The feat of altering the image was nothing compared to the achievement of DCS Wilkins in finding it, however. He managed to show how the artist's impression captured his distinctive mullet and moustache, even his frame, which were plain to see on the Bullseye episode.

The achievement was all the more remarkable because he got hold of it as the investigation faced a race against time.

Cooper, who'd been involved in more than 30 break-ins and violent assaults, was already in prison after being sentenced to 14 years in 1998 for robbery and burglary.

But he was being considered for release while police investigated him for the murders, and was allowed to leave jail in January 2009.

That meant he could possibly offend again, and was likely to exert more influence on crucial witnesses including his long-suffering son, Andrew Cooper.

The latter he'd shamelessly tried to blame for the murders, whenever he felt police were getting close to nailing him.

So Steve and the team were under increasing pressure to deliver results at speed.

Luke said: "It's a shocking true story about the worst serial killer that Wales has ever seen, but it drew my attention to what the police do behind the scenes and the human impact of what people go through when something like this happens in their community.

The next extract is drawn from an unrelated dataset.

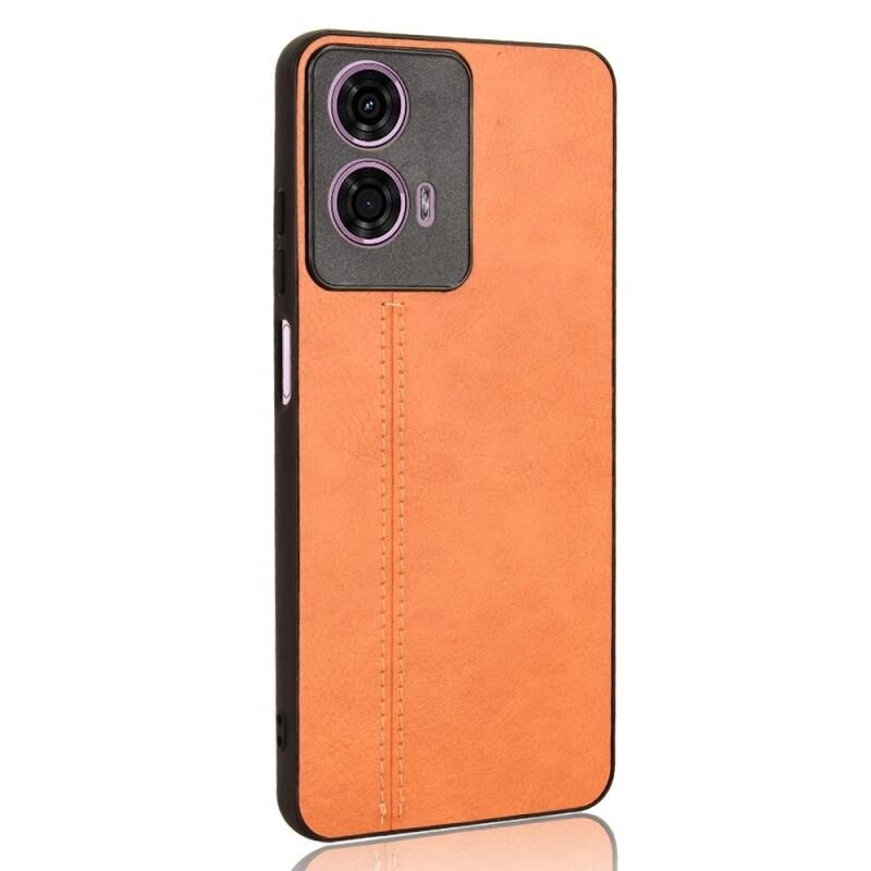 Για Motorola Moto E14 Αγελάδα μοτίβο ραπτικής πίσω κάλυμμα τηλέφωνο υπόθεση (πορτοκαλί)

"Often these stories do feel like they can't be real. And this one has so many twists and turns, it almost feels like at any moment the case will go cold again.

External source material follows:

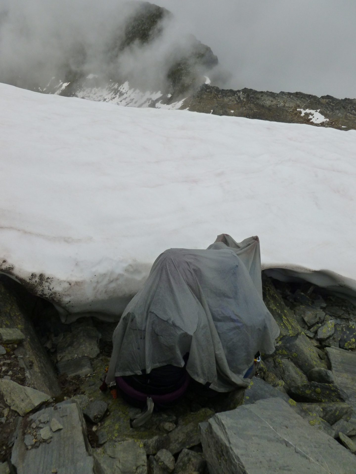 After we found our way down, we hit our next small challenge…a bump between Abbott and Afton. After some scouting, we decided to take the snow around it instead of up and over. At this moment though, the rain really came down! We pulled out the megamid and siltarp and hunkered down. 20 minutes later we made the snow traverse and started up Afton. This required a rope, with our heavy bags and the every slippery quartzite. Numerous pitches in sometime downpouring rain eventually got us to the summit!! Some more hunkering time under our tarp, a fixed line for the summit traverse, and some entertaining down climbing got us to the Rampart, Afton col.

"The forensic evidence was minimal, budgets were running out and people were losing faith."

But, within four months of his release, Steve and the team had used DNA to pinpoint a shotgun owned by Cooper as the murder weapon. Specks of Peter Dixon’s blood – with a probability match of one in a billion – were also found under black paint on the barrels of the firearm.

A more detailed forensic test on a pair of shorts owned by Cooper discovered traces of Peter and Gwenda's DNA.

He was arrested in May of the same year and two years later was convicted for both double murders, as well as the 1996 rape of a 16-year-old girl and a sexual assault on a 15-year-old girl, both carried out at gunpoint, in Pembrokeshire.

Cooper was sentenced to a whole life order, which means he will never be released from prison.

The judge told him: "The murders were of such evil wickedness the mandatory sentence of life will mean just that."

Luke said: "This is a story about a team of people who wanted to find the truth and get the man who committed these crimes. The work and time and the sacrifice they put in is part of the story.

"The Pembrokeshire Murders is not just about the person who carried out these crimes, it's about how they find him.

"And the twists and turns are just mind boggling and unbelievable – it really is a rollercoaster ride that keeps you on the edge of your seat.

  • The Pembrokeshire Murders is on ITV next month.